The Neurobiology of Learning: Perspectives from Second Language Acquisition (Book Recommendation)


Since I’ve transitioned in my work to being more interested in lexicography, I haven’t had time to do a significant amount of reading in Second Language Acquisition.  But, I recently picked up The Neurobiology of Learning: Perspectives from Second Language Acquisition.  I would highly recommend it to anyone with the responsibility of teaching languages, whether ancient or modern.

Some readers may find the neurobiology a bit dense, but it’s not too dense if you have read at least a little bit on the subject.  I may be misjudging that since I did my undergraduate work in psychology, but even so, I think the structure of the chapters makes it possible for anyone to benefit from the book.

The chapters are generally structured with an introduction, a section on the neurobiology of a particular area, e.g. motivation, attention, etc., and then a section drawing applications from the neurobiology.  I think the application sections are readable for anyone.

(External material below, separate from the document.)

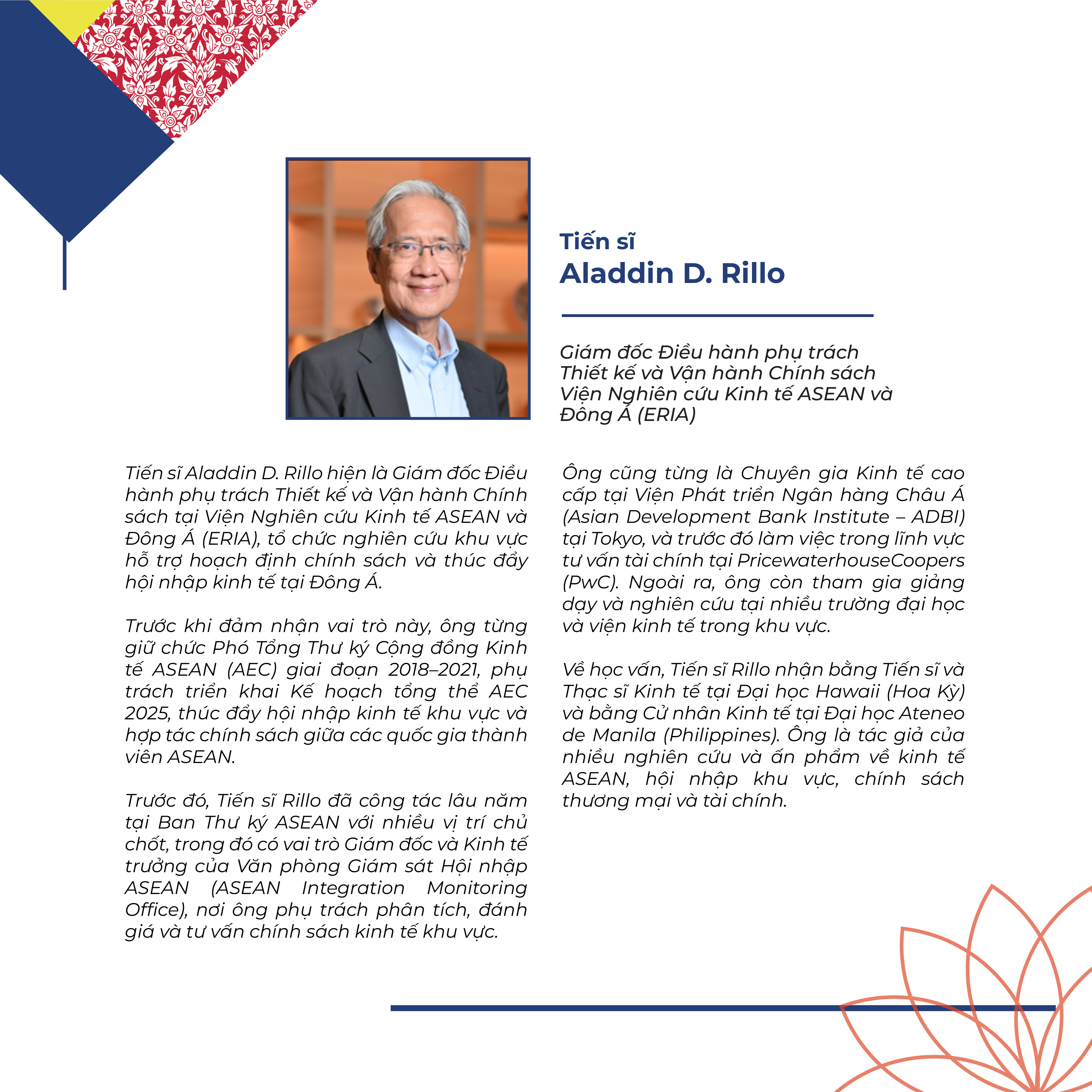 - Tiến sĩ Aladdin D. Rillo – Giám đốc Điều hành phụ trách Thiết kế và Vận hành Chính sách, Viện Nghiên cứu Kinh tế ASEAN và Đông Á (ERIA).
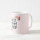 Die Tasse zum Muttertag mit Best Mama Ever Zitat, umgeben von Blumenbouquets mit gestreiftem rosa Hintergrund.

Some insights from the book were new to me and others not so much.  For example, one new piece of information for me was the research on aphasia and second language learners, which suggests that a second language is not learned like a first language, despite much of what modern communicative language instruction suggests following Krashen who was probably influenced by Chomskyian conceptions of Universal Grammar.  Even if there is an innate mechanism for first language learning (which the authors of the book also doubt — and so do I), it doesn’t appear that same mechanism is at work in second language learning.* The book highlights a number of other reasons for this beyond research on aphasics, but I’ll let you check out the book for that.

A less new to me insight, which nonetheless could bear repeating in the age when people like to talk about “the best way to learn a language,” is that “brains are as different as faces.”  As such, people will all learn a little bit differently, and there is not a “best” way to learn a language for that will work for everyone.

In sum, I highly recommend the book.

* I don’t mean this to suggest that Krashen’s work was all bad. In fact, some methodology he suggests has worked well in experimental research.  Only I think he gets the underlying mechanism wrong.